It's looking very interesting. The first few weeks/months of owning a printer are in equal measure exciting and frustrating. I've had my Peopoly Moai a few months and I'm still getting to grips with it. Just today I'm printing off a model used to calibrate the printer because, for some reason, a model that had printed ok is now about 3mm too long - a lot when you're doing a 4mm coach end.


My initial advice would be to do what you're doing. Find all the nooks and crannies and have a good look at what it can do - even test it to extremes. Apart from Cult3d, here's a also a website called Thingiverse, which has a number of models on it that can be used for calibration. Printing these models can give you an idea of the smallest diameter hole your printer can crate, or the longest bridge between two pillars, and the thickness of the thinnest wall possible.


In reality they can only do so much, so as always it's using the right tool for the job.


Don't do this alone.
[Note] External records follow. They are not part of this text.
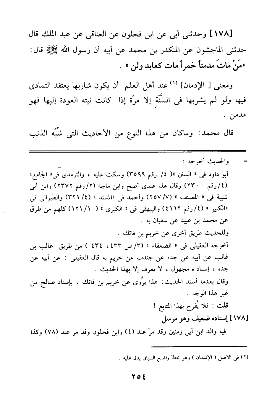 178 - وَحَدَّثَنِي أَبِي عَنْ اِبْنِ فَحْلُون عَنْ اَلْعِنَاقِيّ عَنْ عَبْد الْمَلِكِ قَالَ: حَدَّثَنِي الْمَاجِشُونُ عَنْ اَلْمُنْكَدِرِ بْنِ مُحَمَّدٍ عَنْ أَبِيهِ أَنَّ رَسُولَ اَللَّهِ صَلَّى اَللَّهُ عَلَيْهِ وَسَلَّمَ قَالَ: مَنْ مَاتَ مُدْمِنًا خَمْرًا مَاتَ كَعَابِدِ وَثَنٍ
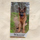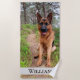 A German Shepherd sitting on a narrow winding path in a pine forest, waiting. A dog with brown and black fur. A light gray frame and a template for your name. Black block letters.
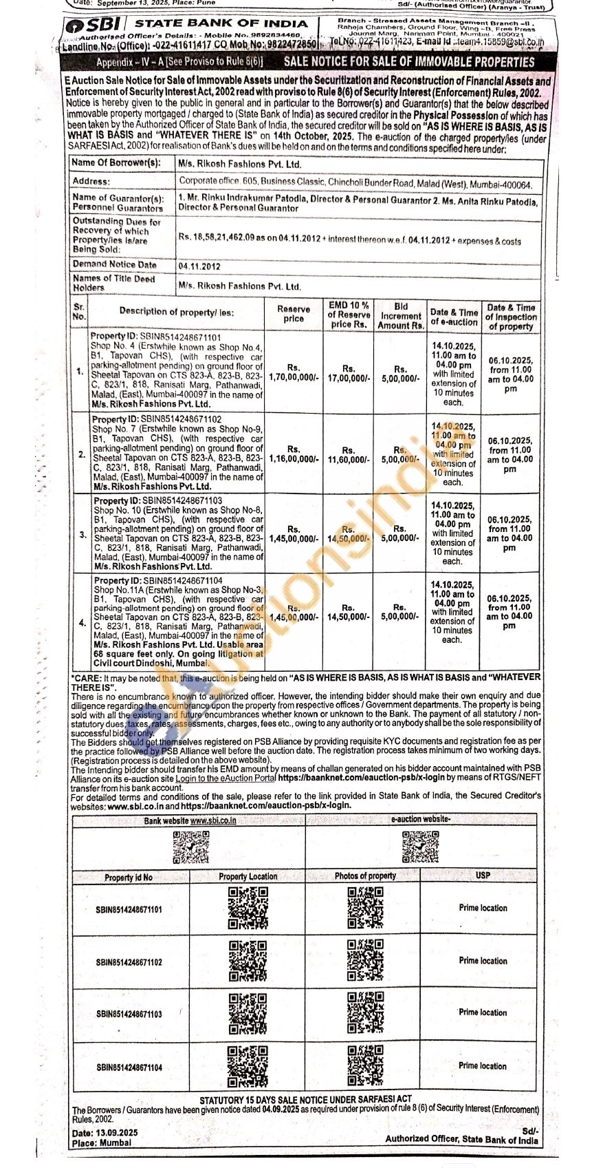 Shop No. 10 (Erstwhile known as Shop No-8, B1. Tapovan CHS), (with respective car parking-allotment pending) on ground floor of Sheetal Tapovan on CTS 823-A, 823-B, 823-C. 823/1, 818, Ranisati Marg, Pathanwadi, Malad, (East), Mumbai-400097 in the name of M/s. Rikosh Fashions Pvt. Ltd.
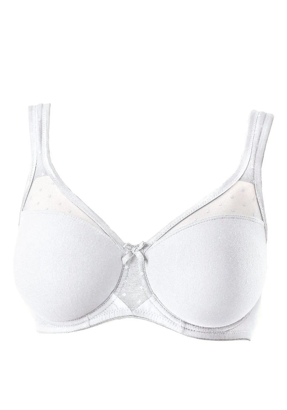 Dieser süße Minimizer-BH mit Bügel von Nuance ist die perfekte Kombination aus Funktionalität und Bequemlichkeit. Durch die besondere Schnittführung, wird die Brust optisch um eine Cupgröße verkleinert – für eine perfekte Passform und einen zuverlässigen Halt bis in große Größen. Die breiteren Träger sorgen zudem für einen komfortablen Halt. Die nahtlos vorgeformten Cups (ohne Wattierung) umschließen die Brust sicher und sorgen gleichzeitig für ein besonders angenehmes Tragegefühl. Hübsche Netzeinsätze an den Cupkanten im niedlichen Pünktchen-Desing, sowie die kleine Zierschleife in der vorderen Mitte verleihen dem Nuance Entlastungs-BH eine süße Note. Am Rückteil ermöglicht ein Haken- und Ösenverschluss das regulieren der Unterbrust. Die Träger sind ebenso hinten verstellbar. Der Mieder-BH ist aus 90% Baumwolle, 5% Polyamid, 5% Elasthan. BHs sind nicht trocknergeeignet, da die Versteller und Ringe durch die Hitze beschädigt werden und brechen.

If you have a Facebook account, you can join the Geeetech owner's group https://www.facebook.com/groups/315127105604393/ where you'll be able to ask questions and see what others have done. Often, these groups also have FAQs available which provide answers to the most basic questions. Also, there will be hints and tips in there for things that you might not expect to be a factor. For example, mine is a resin based machine and the resin should be 25C before it's printed for example. Not obvious when you first start looking at it.
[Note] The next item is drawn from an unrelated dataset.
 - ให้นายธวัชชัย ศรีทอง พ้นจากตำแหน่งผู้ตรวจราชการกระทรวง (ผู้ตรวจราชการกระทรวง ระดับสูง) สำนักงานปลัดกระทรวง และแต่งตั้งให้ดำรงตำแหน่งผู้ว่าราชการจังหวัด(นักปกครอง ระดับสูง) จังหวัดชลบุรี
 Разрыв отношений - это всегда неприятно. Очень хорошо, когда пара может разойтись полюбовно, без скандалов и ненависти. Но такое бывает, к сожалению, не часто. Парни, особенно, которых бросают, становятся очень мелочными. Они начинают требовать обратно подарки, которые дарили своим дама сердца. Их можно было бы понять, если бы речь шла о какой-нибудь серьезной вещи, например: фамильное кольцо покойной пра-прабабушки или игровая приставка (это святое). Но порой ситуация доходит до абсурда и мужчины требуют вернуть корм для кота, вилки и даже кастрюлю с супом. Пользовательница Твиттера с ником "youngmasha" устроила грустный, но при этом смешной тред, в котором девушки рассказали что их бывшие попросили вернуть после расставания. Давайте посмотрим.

I think as a first print you're doing a lot better than I did! Having looked at your post I then looked around the net and found this 

which shows me that I think you'll be able to do some interesting things on it. I know the materials and process are different, but would be interesting to see how similar the output of your printer is to Shapeway's WSF.


FInally, expect to waste a lot of material at the start. Knuckles/Sparkshot's thread is currently discussing the amount of resin he and others use up when starting with a new machine, and in their case it's looking like a couple of litres - about 150GBP (sorry, no pound sign on my keyboard).


I can't wait to see how you get on with it.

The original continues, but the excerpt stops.